Allerdings waren sie zunehmend der Diskriminierung durch Schulverwaltung
(Ausschluss von schulischen Veranstaltungen usw.), Lehrkräfte (Gewalt und
Diskriminierung) und Mitschüler (Demütigungen) ausgesetzt.
Eine
grundlegende strukturelle Änderung zeichnete sich 1935 ab. In diesem Jahr der
Inkraftsetzung der Nürnberger Gesetze wurde per Erlass reichsweit eine
„Rassenerhebung“ an öffentlichen Schulen durchgeführt (M1). Ziel war die
endgültige „Rassentrennung“ und der Ausschluss jüdischer Schülerinnen und
Schüler von den öffentlichen Schulen. Ostern 1936, mit Beginn des kommenden
Schuljahres, sollten allerorten so genannte „Judenschulen“ entstehen.
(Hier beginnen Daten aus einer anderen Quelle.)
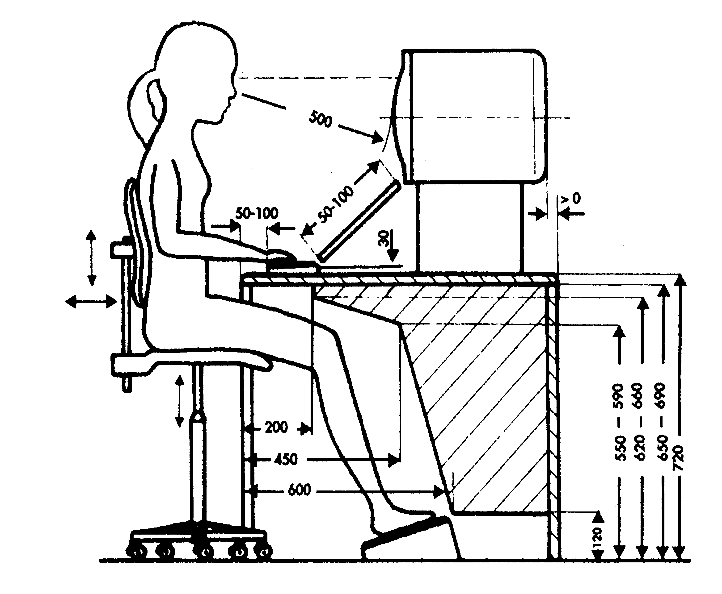 - На вашем рабочем месте должно быть пространство выше колен, а также такая высота клавиатуры, чтобы ваши плечи и руки находились в нейтральной позе с минимальным напряжением, о которой говорилось выше.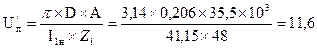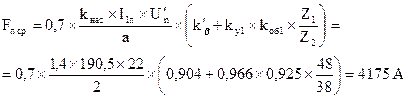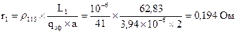 [по табл. П1.6, 1] при Ва =1,55 Тл, НА =630 А/м при ВJ =0,88 Тл, НJ =146 А/м где при 2р=6 где 5.6 Магнитное напряжение на пару полюсов: 5.7 Коэффициент насыщения магнитной цепи: 5.8 Намагничивающий ток: относительное значение: 6. Параметры рабочего напряжения 6.1 Активное сопротивление фазы обмотки статора: Для класса нагревостойкости изоляции F расчетная температура Для медных проводников Длина проводников фазы обмотки: Длина вылета лобовой части катушки: Относительное значение: 6.2 Активное сопротивление фазы алюминиевой обмотки ротора: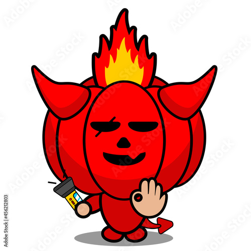 cartoon vector illustration of cute red devil pumpkin mascot character holding flashlight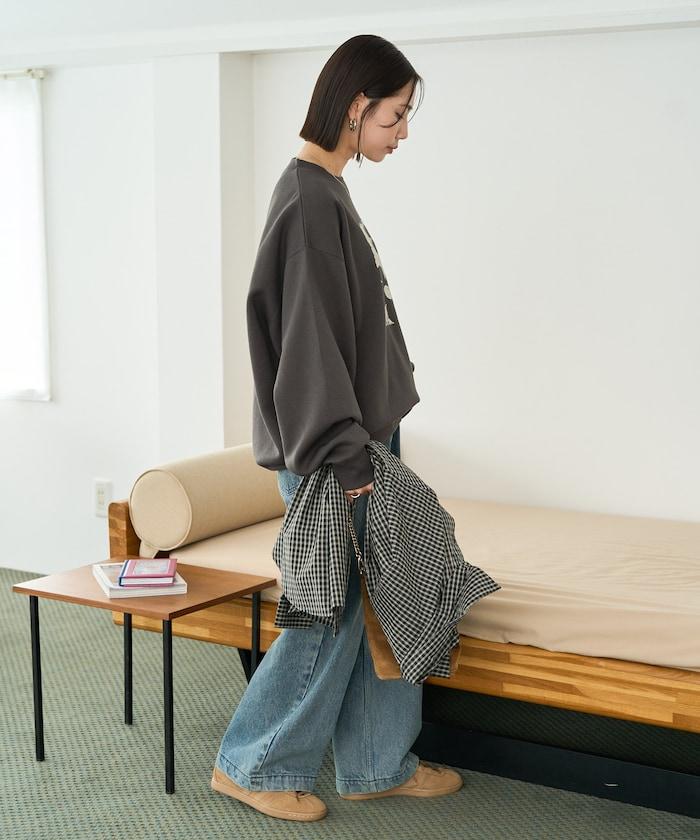 由於印花是整件衣服的亮點,因此下裝可以選擇寬牛仔褲或錐形褲,打造簡潔大方的休閒風格。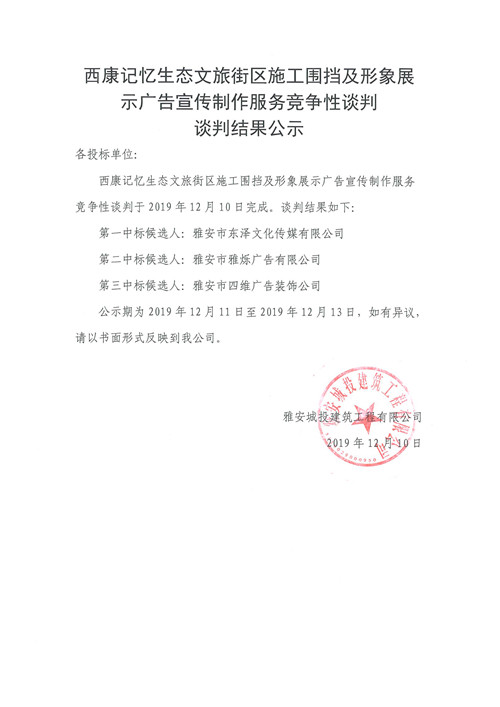 西康記憶生態(tài)文旅街區(qū)施工圍擋及形象展示廣告宣傳制作服務(wù)競爭性談判談判結(jié)果公示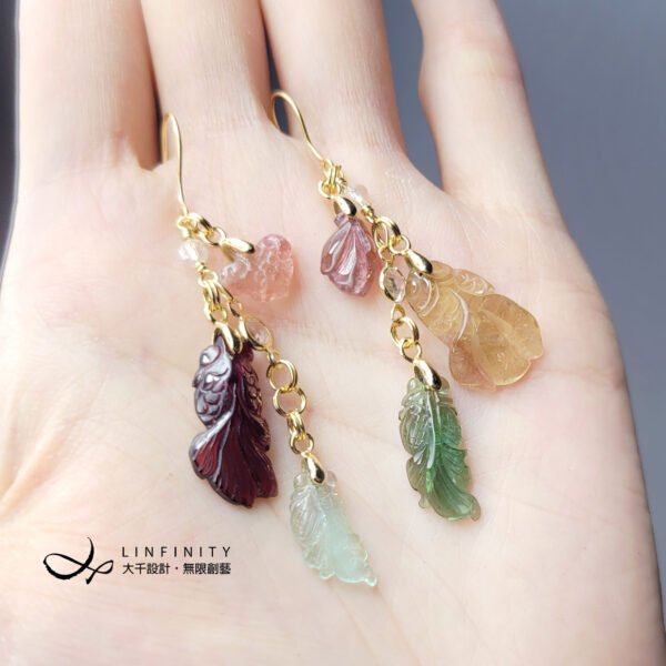 尺寸:本款為不對稱設計,金魚約長15-20mm,總高含耳鈎約6cm,可改夾式。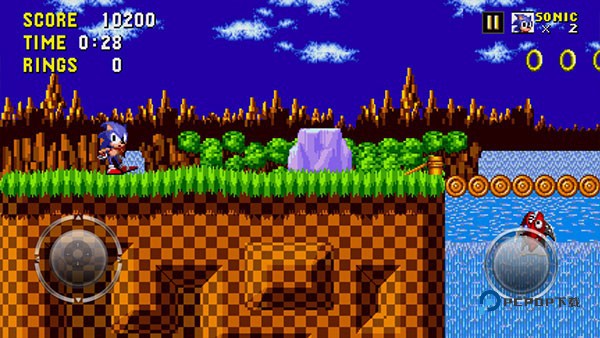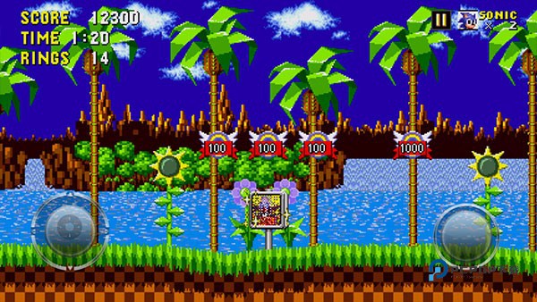 1、游戏百分百移植街机玩法,玩家需要操控我们的索尼克进行一路的冒险闯关。

Entsprechende Maßnahmen wurden auf Reichsebene eingeleitet.
In Ulm
hatten, wie andernorts, die Überlegungen in dieser Hinsicht bereits eingesetzt.
Rektor Häcker von der Ulmer Wagnerschule trat hier in besonderem Maße als
Befürworter der „Rassentrennung“ in Erscheinung. Bereits im Juli 1935 unternahm
er diesbezügliche Vorstöße bei der Stadtverwaltung und Partei. Er führte aus,
der Kampf gegen das Judentum könne nur dann erfolgreich sein, „wenn die ganze
deutsche Jugend in planmäßiger und eindringlicher Weise über die Gefahren, die
dem deutschen Volke von seiten der Juden drohen, vom 1. Schuljahr an belehrt
wird“. Das Vorhandensein jüdischer Schülerinnen und Schüler in den Klassen der
evangelischen Volks- und Mittelschulen hemme, so Häcker, die Lehrkräfte in
diesem „Aufklärungsfeldzug“ (M2). Nach Aufforderung zur „Rassenerhebung“
lieferte Schulvorstand Häcker die gewünschten Schülerzahlen. Im Jahr 1936 wurde
dann die jüdische Volksschule eingerichtet. Ihr Standort war direkt neben der
Synagoge, im Haus Weinhof 3. Als Lehrer wurde 1936 der aus Saarbrücken
zuziehende Rudolf Loewy angestellt, der zugleich auch als Kantor amtierte. Eine
konsequente Verbannung jüdischer Schülerinnen und Schüler aus den öffentlichen
Schulen wurde schließlich nach der Reichspogromnacht per Erlass des
Reichserziehungsministers vom 15. November 1938 durchgesetzt. Schulunterricht
für jüdische Kinder war von da an nur noch in rein jüdischen Schulen zulässig.
Aufgrund von Verfolgungsdruck und Abwanderung sank freilich die Schülerzahl.
1939 wurde die jüdische Schule in Ulm geschlossen. Zum 30. Juni 1942 wurden
alle jüdischen Schulen im Reich endgültig geschlossen. Ab 1. Juli 1942 wurde
jedwede Beschulung jüdischer Kinder untersagt.